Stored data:
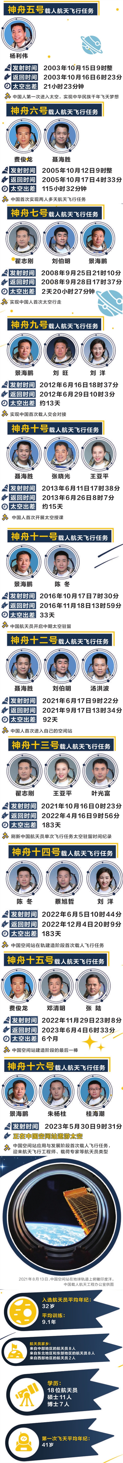 自神舟五號(hào)發(fā)射升空的那刻起,已過去20年的時(shí)光。這20年,見證了中國飛天隊(duì)伍從無到有、發(fā)展壯大的歷程。中國航天員不僅是中國航天輝煌的見證者,更是中國航天夢(mèng)想的踐行者。(中國青年報(bào)記者 張渺 見習(xí)記者 李瑞璇 圖表數(shù)據(jù)整理:邱晨輝 溫維娜 李瑞璇 制圖:程璨)
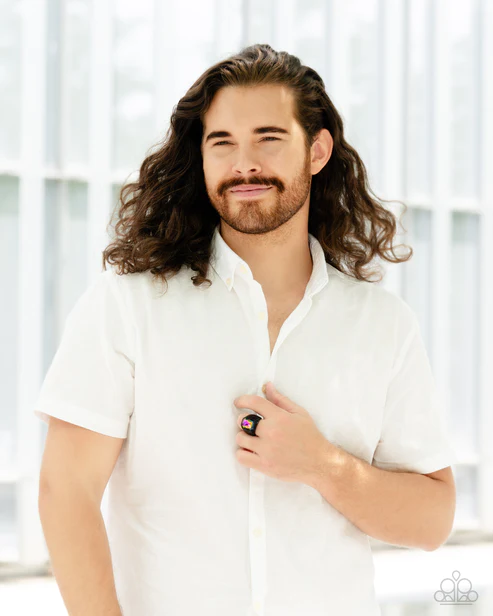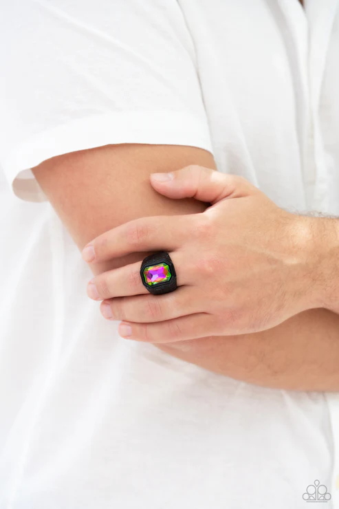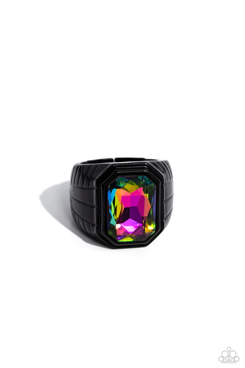 Featuring a regal emerald style cut, a glittery oil spill gem is pressed into a sleek black frame featuring a thick black band embossed in bold textures. Features a stretchy band for a flexible fit.
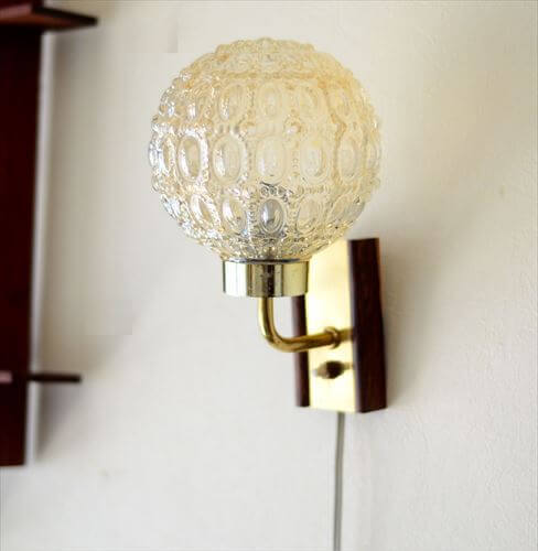> デンマーク製 B&H ローズウッドx真鍮xガラス ウォールライト 壁掛け照明 木製 北欧 ミッドセンチュリー期 ランプ アンティーク il0010
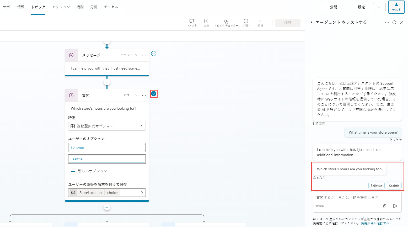 以下の画像では、エージェントに「営業開始時間は何時ですか?」とメッセージを送信しています。 Store Hours のトピックが自動的に表示されることに注目してください。 会話パスは緑色で強調表示されます。 エージェントはいつでも応答できる状態であり、応答方法についての提案ボタンが 2 つ表示されています。 これらの提案ボタンには、トピックが以前に作成されたときに定義された、シアトルおよびベルビューのユーザー オプションが表示されています。 [エージェントのテスト] で、いずれかの提案ボタンを選択することで続行できます。
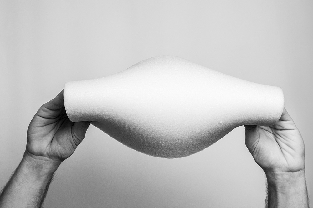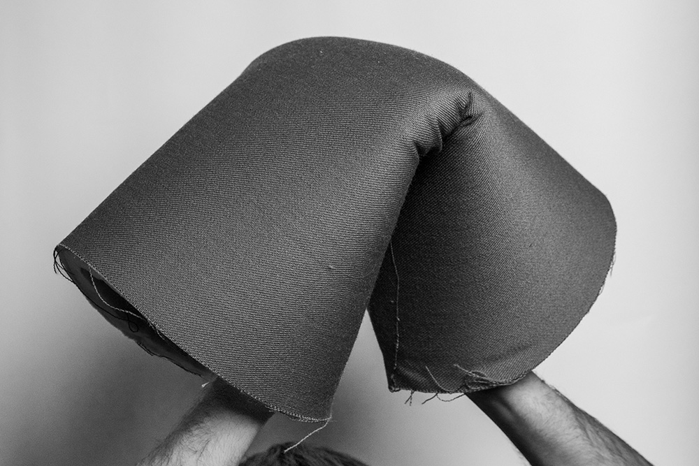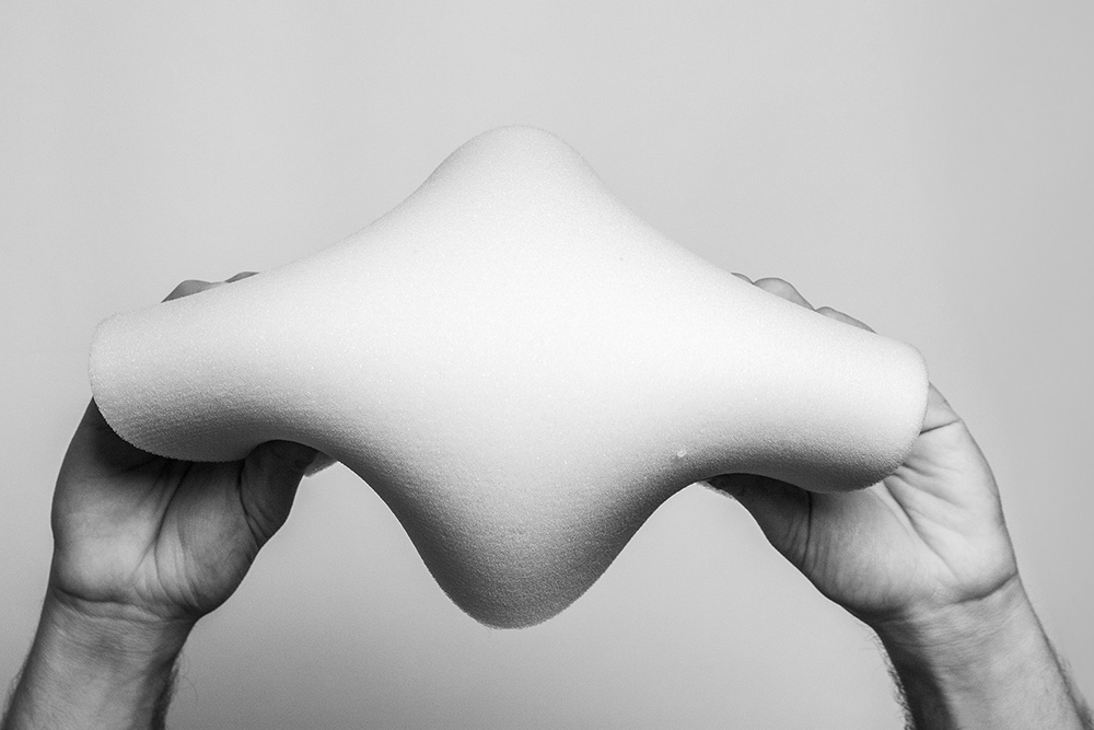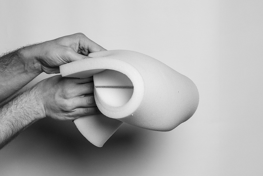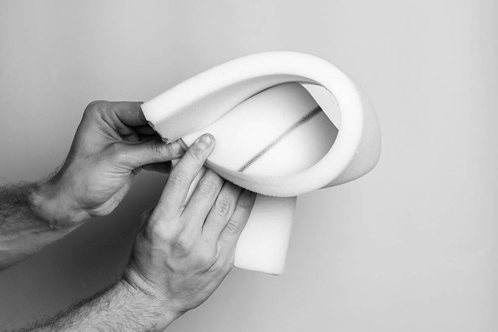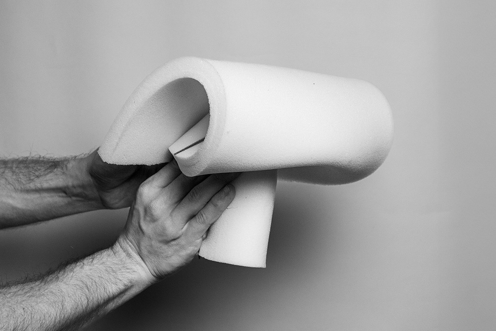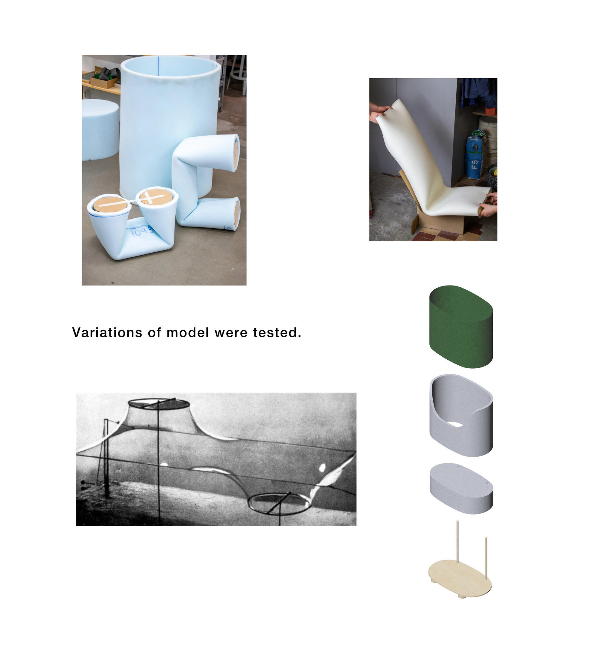 INSPIRED BY THE IDEA OF TEXTILE AS AN EPIDERMAL LAYER WE BEGAN USING FOLDING TECHNIQUES WITH FOAM SHEETS THAT WERE PRESSED INTO 3D DIMENSIONAL FORMS. A TECHINAL FABRIC DEVELOPED BY LUDVIG SVENSSON CALLED EASY ALLOWED US THE FLEXIBILITY, STRETCH AND STRUCTURE WE NEEDED WHEN CREATING THE GEOMETRIES. EASY DESPITE ITS NAME HAS MANY TECHNICAL ABILITIES THAT PERFORM WELL IN COMPLICATED TAILORING NOT TO MENTION THE VIBRANT COLOUR PALETTE. AS THE FORMS EMERGED IT BECAME CLEAR THAT THE PLIABLE DEFORMATIONS COULD BECOME OBJECTS TO SIT ON.

Try it:
Each record above is to be restated exactly, with its pictures removed from the copy.

Exercise output:
 自神舟五號(hào)發(fā)射升空的那刻起,已過去20年的時(shí)光。這20年,見證了中國飛天隊(duì)伍從無到有、發(fā)展壯大的歷程。中國航天員不僅是中國航天輝煌的見證者,更是中國航天夢(mèng)想的踐行者。(中國青年報(bào)記者 張渺 見習(xí)記者 李瑞璇 圖表數(shù)據(jù)整理:邱晨輝 溫維娜 李瑞璇 制圖:程璨)
 Featuring a regal emerald style cut, a glittery oil spill gem is pressed into a sleek black frame featuring a thick black band embossed in bold textures. Features a stretchy band for a flexible fit.
> デンマーク製 B&H ローズウッドx真鍮xガラス ウォールライト 壁掛け照明 木製 北欧 ミッドセンチュリー期 ランプ アンティーク il0010
 以下の画像では、エージェントに「営業開始時間は何時ですか?」とメッセージを送信しています。 Store Hours のトピックが自動的に表示されることに注目してください。 会話パスは緑色で強調表示されます。 エージェントはいつでも応答できる状態であり、応答方法についての提案ボタンが 2 つ表示されています。 これらの提案ボタンには、トピックが以前に作成されたときに定義された、シアトルおよびベルビューのユーザー オプションが表示されています。 [エージェントのテスト] で、いずれかの提案ボタンを選択することで続行できます。
 INSPIRED BY THE IDEA OF TEXTILE AS AN EPIDERMAL LAYER WE BEGAN USING FOLDING TECHNIQUES WITH FOAM SHEETS THAT WERE PRESSED INTO 3D DIMENSIONAL FORMS. A TECHINAL FABRIC DEVELOPED BY LUDVIG SVENSSON CALLED EASY ALLOWED US THE FLEXIBILITY, STRETCH AND STRUCTURE WE NEEDED WHEN CREATING THE GEOMETRIES. EASY DESPITE ITS NAME HAS MANY TECHNICAL ABILITIES THAT PERFORM WELL IN COMPLICATED TAILORING NOT TO MENTION THE VIBRANT COLOUR PALETTE. AS THE FORMS EMERGED IT BECAME CLEAR THAT THE PLIABLE DEFORMATIONS COULD BECOME OBJECTS TO SIT ON.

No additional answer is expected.